The so-called inexcusable negligence is not put forward by the defendant Minister, but based on the findings of Hoff, J. in the Court a quo and our own findings in this appeal. The question then arises how the requirement of a "reasonable explanation" and a "bona fide application" can be met by a litigant Minister who has himself failed to give an explanation. In my respectful view both the aforesaid requirements were not complied with by the defendant Minister, and this is the crux of the judgment by Hoff, J. when he exercised his judicial discretion in refusing the application for rescission.


  1. My brother also relies on the judgment in Grant v Plumber wherein the first requirement was:

"He must give a reasonable explanation for his default. If it appears that his default was wilful or that it was due to gross negligence, the Court should not come to his assistance".


But in this case it was conceded by my brother that there was "inexcusable negligence" which amounted at least to "gross negligence" and that "he is largely to blame that the matter protracted for years". Consequently, this Court should not come to his assistance. But in his proposed judgment, the contrary is done. The second requirement in the aforesaid decision is:


"His application must be bona fide and not made with the intention of delaying plaintiff's claim".
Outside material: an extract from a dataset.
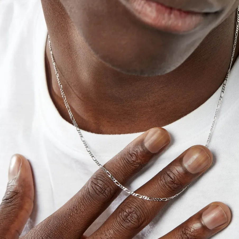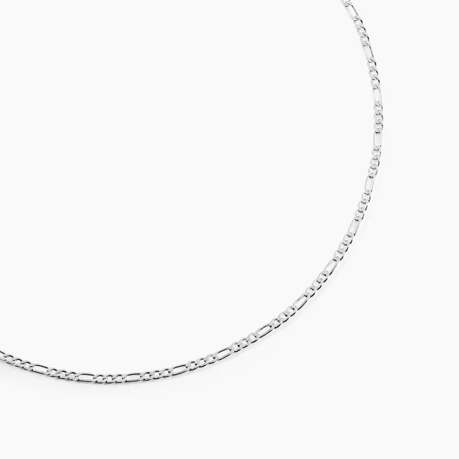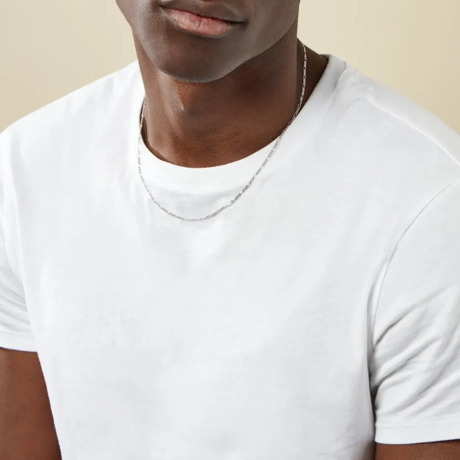 Collier Maille Argent Blanc 925/1000 Maille Alternee 1/3 Largeur 2mm 50cm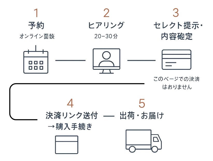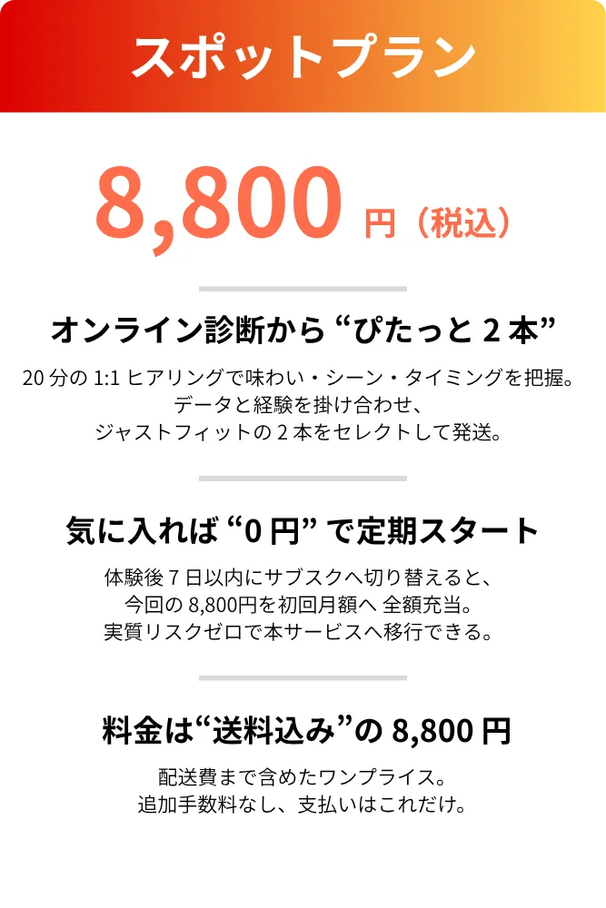 「いつほしいか」「どんな味・色か」「どんなシーンか」までオンラインセッションで聞きとり、専用に仕立てた 1 本をセレクトしてお届けします。

Again my brother Chomba apparently finds that this requirement has been complied with. But how can an application be bona fide when the Minister does not himself reply and in the reply by subordinates "inexcusable negligence" is apparent. The intention to delay the claim, should be inferred from the facts. It must also be noted that the requirement of a bona fide explanation is distinct from and independent of the requirement of a bona fide defence. The onus is on the Minister/defendant to prove these requirements. He has failed to do so.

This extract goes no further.